Your objective
Copy every entry exactly, but skip the pictures.

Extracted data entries

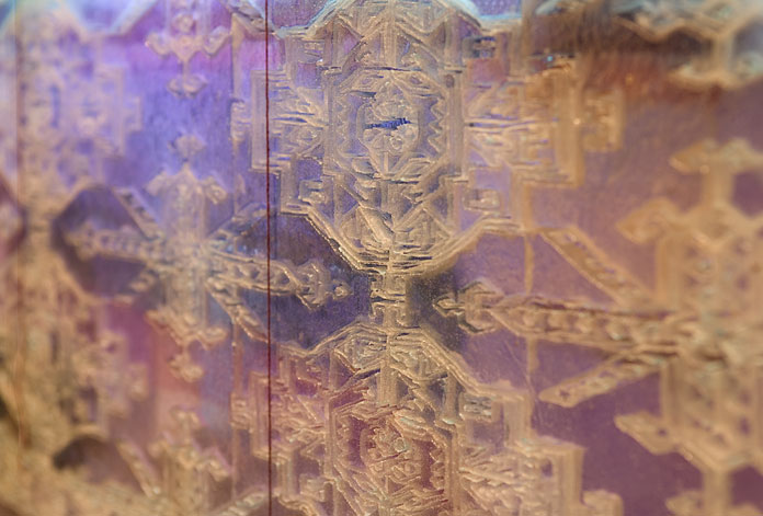 "where comes the lord comes the darkness bright" 2008ca. 90 x 123 x 7,5 cmPolyester, neon tube, knitting, crocheting, painted steel, acrylic textile.
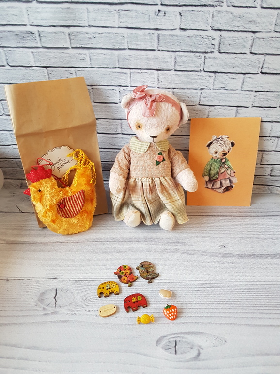 Обмены подарками, материалами для рукоделия (хвастики)У нас с Женей уже традиция)обмениваться рукоделочками!у меня уже в коллекции 3 мишутки )))в этот раз девочка..чудесная)в платьице!)
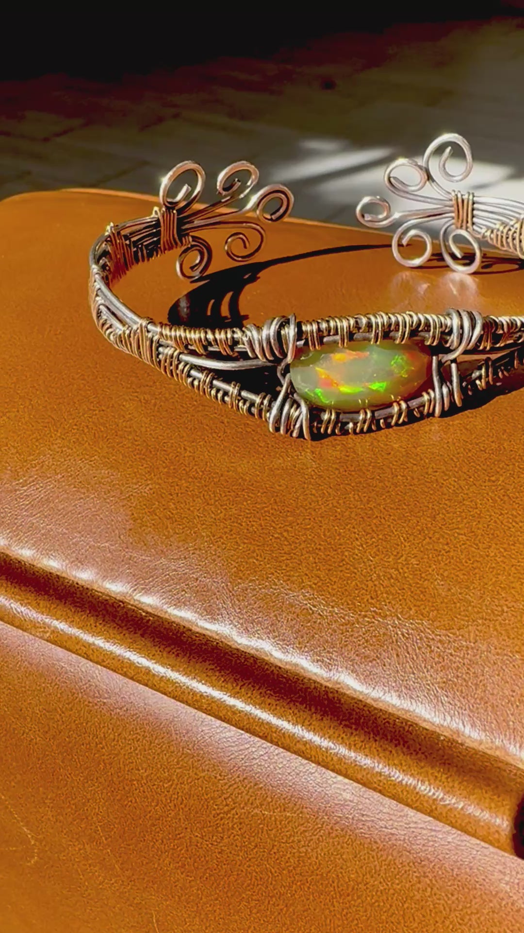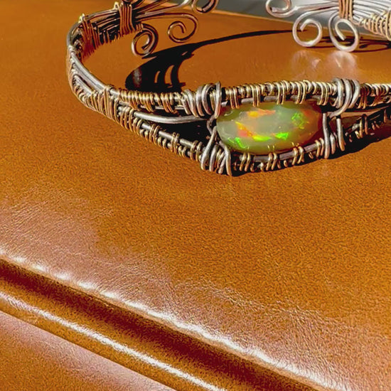 The Eden cuff and exquisite masterpiece combining sterling silver and 14k gold. Its center stone a fabulous Ethiopian Opal with extravagant flash of color in any light. Opals are meant to be incased with silver and gold to bring its elegant electric dance party of colors to life. Good for men and women alike.
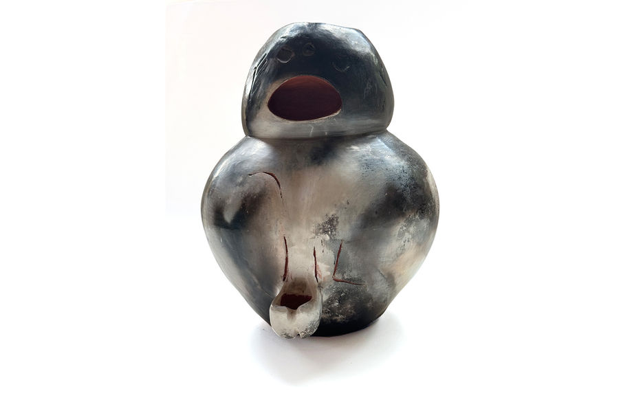 The Neolithic bird goddess is associated with water, the primordial element that is able to produce life, stimulate its growth, and nurture it with damp warmth. As I concentrate my thought on this ancient bird goddess, on her fluid energy and damp warmth born from the primordial waters, the water in the clay manifests her forms. It is her form that speaks her language and directs my hand to make marks. Like the Neolithic rites that gave form to clay and scratched markings, my marks are always emerging, unique and evolving, not scripted by a system of fixed symbols. I don’t expect to translate these marks into alphabetic statements, but to experience this language in my body as an energetic force from which this entire universe is created.
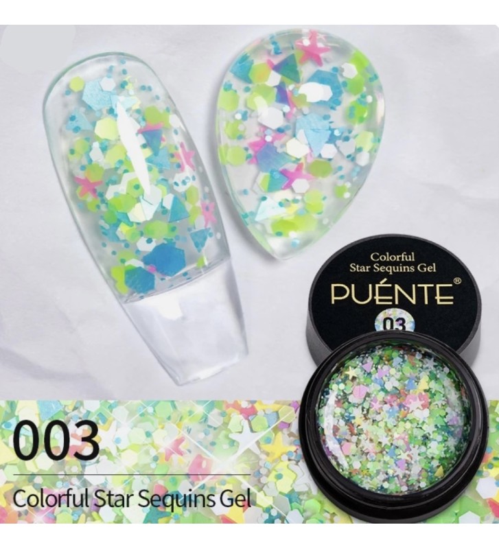 Глитерный гель Puente – невероятный гель на прозрачной основе с голографическими шестигранниками разного размера. Применяется в качестве декоративного покрытия. Не нуждается в опиле. Имеет липкий слой. Большое количество блесток обеспечивает плотное покрытие ногтевой пластины. Также хорошо выглядит нанесенным в виде растяжки.
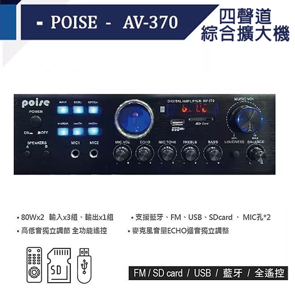 Poise AV-370BT 四聲道綜合擴大機(支援藍牙、FM、USB、SDcard、2MIC孔)
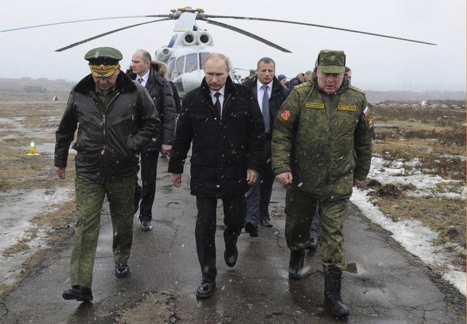 Ruski predsednik Vladimir Putin z obrambnim ministrom Sergejem Šojgujem na vojaških vajah
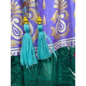 This vibrant boho patchwork pants features multicolored tiered layers with hand-detailed patterns. Designed with an elastic waist and tassel tie closure, it offers both comfort and a unique bohemian festival aesthetic.

Written answer
 "where comes the lord comes the darkness bright" 2008ca. 90 x 123 x 7,5 cmPolyester, neon tube, knitting, crocheting, painted steel, acrylic textile.
 Обмены подарками, материалами для рукоделия (хвастики)У нас с Женей уже традиция)обмениваться рукоделочками!у меня уже в коллекции 3 мишутки )))в этот раз девочка..чудесная)в платьице!)
 The Eden cuff and exquisite masterpiece combining sterling silver and 14k gold. Its center stone a fabulous Ethiopian Opal with extravagant flash of color in any light. Opals are meant to be incased with silver and gold to bring its elegant electric dance party of colors to life. Good for men and women alike.
 The Neolithic bird goddess is associated with water, the primordial element that is able to produce life, stimulate its growth, and nurture it with damp warmth. As I concentrate my thought on this ancient bird goddess, on her fluid energy and damp warmth born from the primordial waters, the water in the clay manifests her forms. It is her form that speaks her language and directs my hand to make marks. Like the Neolithic rites that gave form to clay and scratched markings, my marks are always emerging, unique and evolving, not scripted by a system of fixed symbols. I don’t expect to translate these marks into alphabetic statements, but to experience this language in my body as an energetic force from which this entire universe is created.
 Глитерный гель Puente – невероятный гель на прозрачной основе с голографическими шестигранниками разного размера. Применяется в качестве декоративного покрытия. Не нуждается в опиле. Имеет липкий слой. Большое количество блесток обеспечивает плотное покрытие ногтевой пластины. Также хорошо выглядит нанесенным в виде растяжки.
 Poise AV-370BT 四聲道綜合擴大機(支援藍牙、FM、USB、SDcard、2MIC孔)
 Ruski predsednik Vladimir Putin z obrambnim ministrom Sergejem Šojgujem na vojaških vajah
 This vibrant boho patchwork pants features multicolored tiered layers with hand-detailed patterns. Designed with an elastic waist and tassel tie closure, it offers both comfort and a unique bohemian festival aesthetic.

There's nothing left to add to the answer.